C’est l’une des conséquences de la guerre en Ukraine et des sanctions prises par l’UE contre Moscou depuis février 2022. La Russie rencontre des obstacles croissants pour acheminer ses marchandises vers la Chine. via son vaste réseau ferroviaire de l’Est, analyse Bloomberg dans un long article publié lundi 23 décembre 2024.
La compagnie ferroviaire nationale JSC Chemins de fer russes a récemment approuvé une réduction de 30 % de son programme d’investissement pour l’année à venir en raison de la hausse des coûts d’emprunt, selon les informations de l’agence de presse Tass, qui cite le ministre des Transports. L’augmentation des cargaisons liées à la guerre exacerbe les goulots d’étranglement existants, tandis que les sanctions affectent les paiements transfrontaliers. Ces facteurs, ainsi que des problèmes logistiques de longue date, ralentissent le transport de marchandises comme le charbon et l’aluminium.
Selon MMI Research, une société de recherche et d’analyse basée en Russie, la situation a atteint son pire niveau depuis la crise de 2008-2009. « Nous pensons que cela est dû aux besoins de l’armée, qui donne la priorité au fret, ainsi qu’aux défis croissants associés au vieillissement du parc ferroviaire. »détaille le groupe sur Telegram.
Le réseau ferroviaire de l’Est sous pression
Les chemins de fer russes, autrefois capables d’emprunter sur les marchés publics pour financer leurs investissements, sont désormais largement coupés de ces différents réseaux en raison des sanctions. Le soutien du gouvernement est limité, le budget ayant été réorienté vers la guerre. Le pays a récemment concentré ses échanges commerciaux vers l’Asie, notamment avec la Chine, et s’est appuyé sur le « Polygone oriental », un réseau ferroviaire reliant Moscou à l’Extrême-Orient.

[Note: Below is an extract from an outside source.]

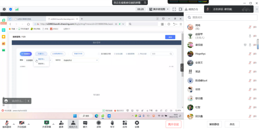 崔佳丽老师针对主考老师如何在超星平台出题、组卷、发布考试、指定监考老师及批阅试卷几个方面进行了讲解,通过实际操作的方式一步一步演示,带领大家熟悉平台的具体操作流程。马晓璐老师针对第二机位监考所涉及到的操作,如分配二机位、设置监考教师、收集课堂码及监考老师的职责等进行讲解,让老师们对平台有了更深的认识,并与参会教师对超星平台操作过程的疑问进行了讨论。

Ce réseau a longtemps souffert de retards de chargement fréquents et d’infrastructures inefficaces, mais la situation s’aggrave encore. La demande de transport, tant vers la Russie que depuis le pays dirigé par Vladimir Poutine, dépasse de loin la capacité du système, malgré les milliards investis dans les améliorations. « Les contraintes d’infrastructure, malgré l’augmentation de la capacité de transport, persistent sur les lignes Baïkal-Amour et Transsibérien »a communiqué le ministre des Transports, Roman Starovoit, cité par Bloomberg. Le volume de fret des chemins de fer russes a diminué de 5,2 % en l’espace d’un an, selon MMI Research, basé sur des chiffres de novembre 2024.
Investissement réduit, perturbations croissantes
Désormais, l’entreprise envisagerait de réduire son programme d’investissement de 30 % d’ici 2030, le ramenant à 7 900 milliards de roubles (environ 71,5 milliards d’euros), comme l’a rapporté le journal Kommersant le mois dernier. Cette réduction pourrait également concerner l’agrandissement du Polygone Oriental, croit savoir le même média, mais le ministère de l’Economie n’a pas souhaité confirmer officiellement cette information.
Les retards de livraison affectent les exportations de charbon et d’aluminium. Les exploitants de charbon ont signalé des difficultés à expédier leurs produits en raison des goulots d’étranglement ferroviaires. United Co. Rusal, le plus grand producteur d’aluminium en dehors de la Chine, a stocké des centaines de milliers de tonnes de métal dans ses fonderies sibériennes, la capacité ferroviaire limitée empêchant la croissance de ses exportations.
Avant 2022, United Co. Rusal vendait de l’aluminium à la Chine de manière ponctuelle. Mais après les sanctions occidentales, l’entreprise a redirigé une grande partie de ses exportations vers l’Asie, vendant désormais plus d’un million de tonnes par an, soit un tiers de sa production annuelle. Une stratégie visant à renforcer sa position sur un marché clé, tout en cherchant à compenser les pertes générées par les restrictions internationales.